Commentando lo studio, la copresidente dei Verdi / EFA Rebecca Harms ha dichiarato: "Il funzionamento di questi due reattori, che contengono migliaia di crepe, è irresponsabile. Questo studio giunge alla chiara conclusione che non ci sono prove di come e quando queste crepe siano apparse nel recipienti a pressione del reattore né se sono cambiati mentre il reattore era in funzione o come potrebbero farlo in futuro. Semplicemente non ci sono prove a sostegno dell'affermazione di Electrabel secondo cui i difetti sono "molto probabilmente" fiocchi di idrogeno, introdotti durante la produzione dell'acciaio e da allora invariato L'unico modo per determinarlo sarebbe distruggere i recipienti a pressione.

"Secondo lo studio, l'acciaio è di così scarsa qualità che i recipienti a pressione non avrebbero dovuto essere approvati per l'uso nei reattori.

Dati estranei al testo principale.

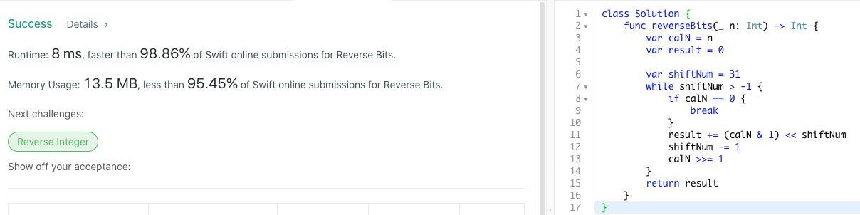 처음엔 다음과 같이 구현했습니다. 단순 시프트 계산을 통해, reverse를 구했죠
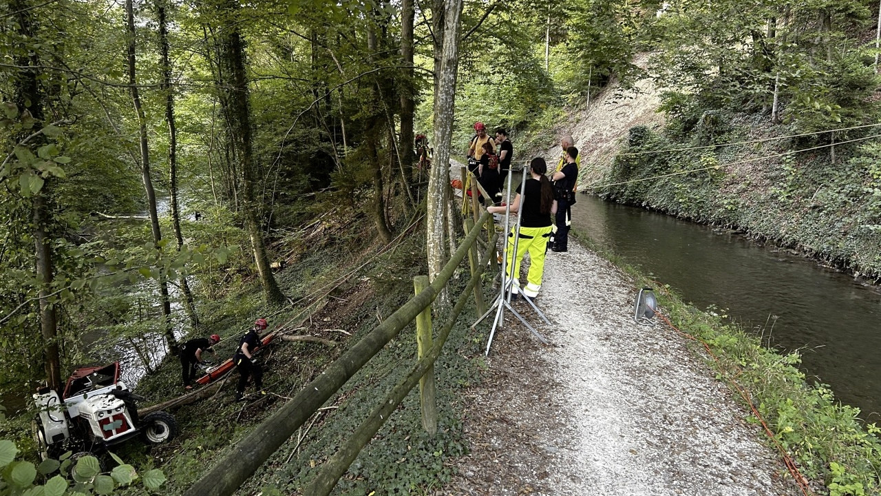 Zur Sicherung und Bergung des beschädigten Traktors im unwegsamen Gelände wurde neben dem Abschleppdienst auch die Feuerwehr aufgeboten. Die aufwändigen Arbeiten mussten auf Montag vertagt werden.
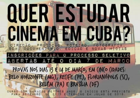 A Coordenação dos Exames de seleção para a Escola Internacional de Cinema de TV de Cuba no Brasil (EICTV) comunica que estão abertas, até o dia 7 de março, as inscrições para o Processo Seletivo 2015 / 2018. As provas serão aplicadas nos dias 13 e 14 de março, em cinco cidades: Belo Horizonte (MG), Recife (PE), Florianópolis (SC), Belém (PA) e Brasília (DF).

Semplicemente spazzare via queste preoccupazioni 30 anni dopo è scandaloso". Lo studio rivela un approccio inquietantemente flessibile del Autorità nucleare belga (FANC) per quanto riguarda i risultati dei test. I risultati spiacevoli vengono dichiarati eccezioni. Allo stesso tempo, i risultati non rappresentativi sono accettati senza dubbio come prova di sicurezza. Questo non è un modo responsabile per affrontare la tecnologia ad alto rischio dell'energia nucleare. Trattare problemi inspiegabili con una valutazione del rischio disinfettata minaccia la vita di migliaia di persone.

"Dato che la sicurezza del serbatoio a pressione non può essere garantita, i reattori non dovrebbero continuare a funzionare. Se la nave scoppiasse, le conseguenze per la regione densamente popolata intorno ai reattori sarebbero catastrofiche".

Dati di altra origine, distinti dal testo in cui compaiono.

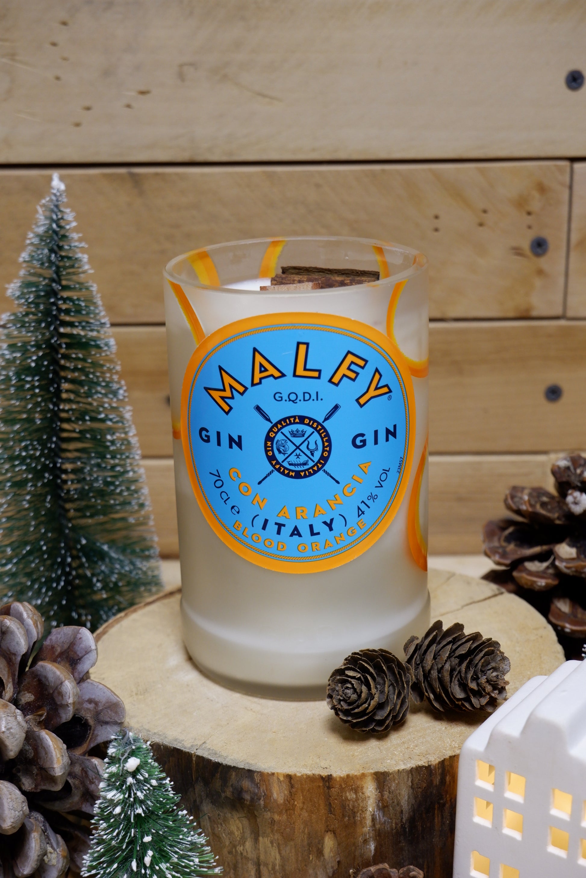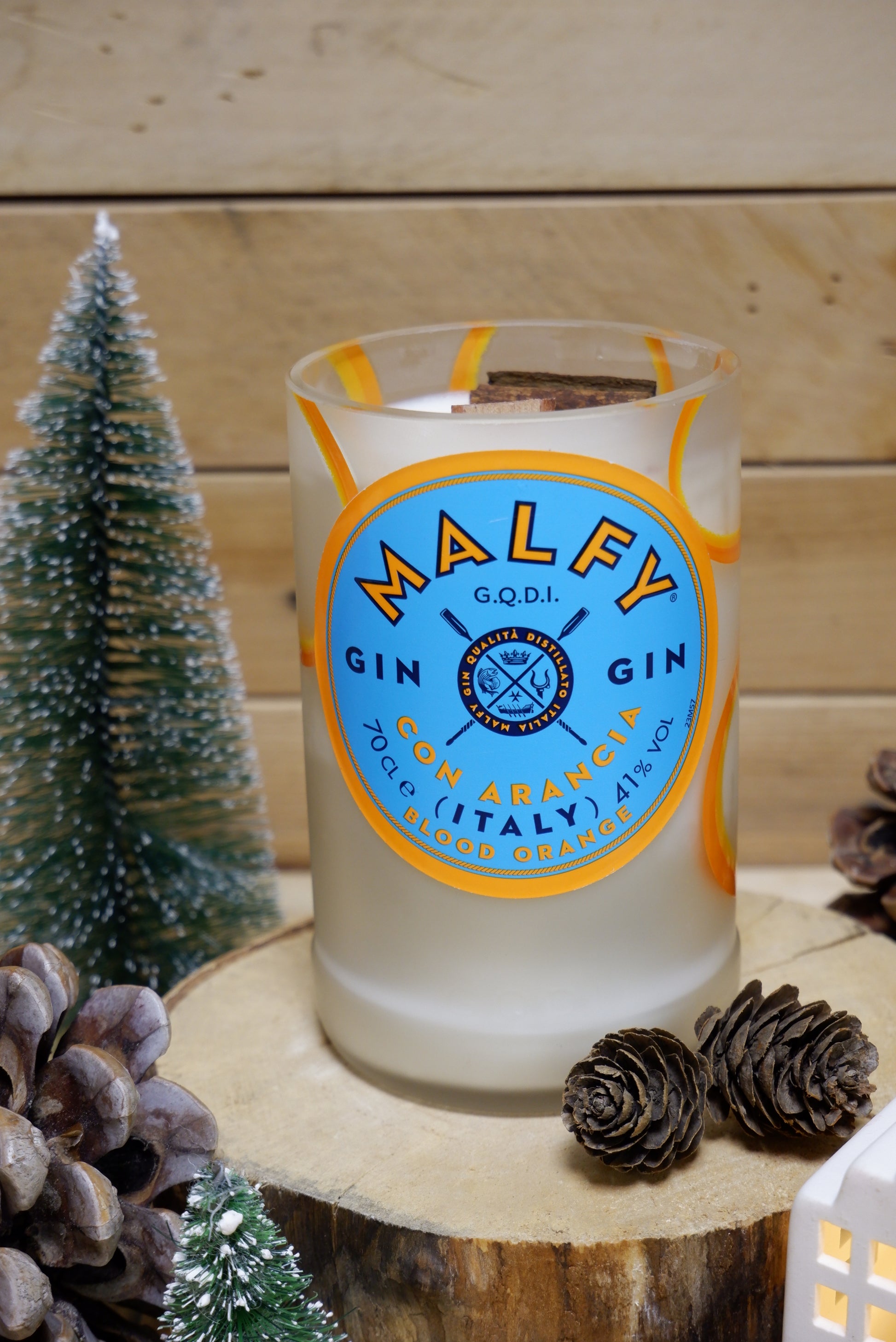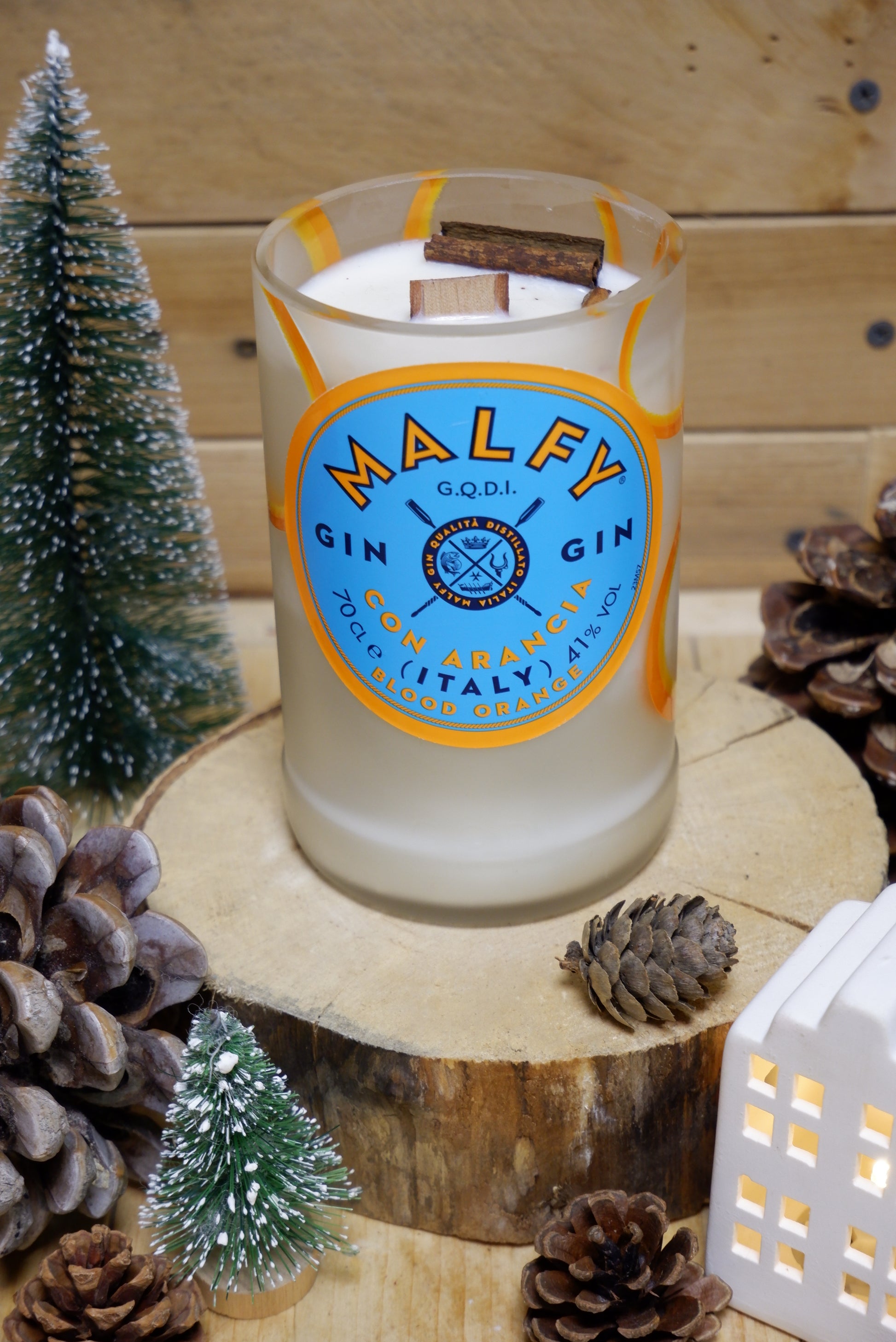 Candela di cera di soia realizzata all'interno di una bottiglia riciclata di Gin Malfy all'arancia da 700ml.
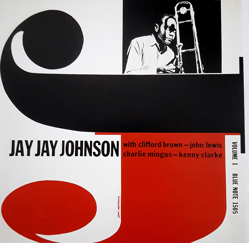 Tapa de disco para Blue Note Records, diseñada por John Hermansader, 1956.

(1) In estate 2012, migliaia di difetti sono stati trovati nei recipienti a pressione del reattore dei reattori nucleari belgi Doel 3 e Tihange 2, forzando il loro arresto. In 2013 estate, i reattori sono stati nuovamente messi on line a seguito di una valutazione positiva da parte dell'autorità nucleare belga (FANC), ma sono stati nuovamente chiusi marzo 2014. Nel mese di novembre 2015, c'è stato un ulteriore valutazione positiva da FANC, che ha permesso i reattori siano di nuovo messi in linea. Questo studio analizza le informazioni in base a cui questa decisione è stata presa. Lo studio completo può essere trovato qui.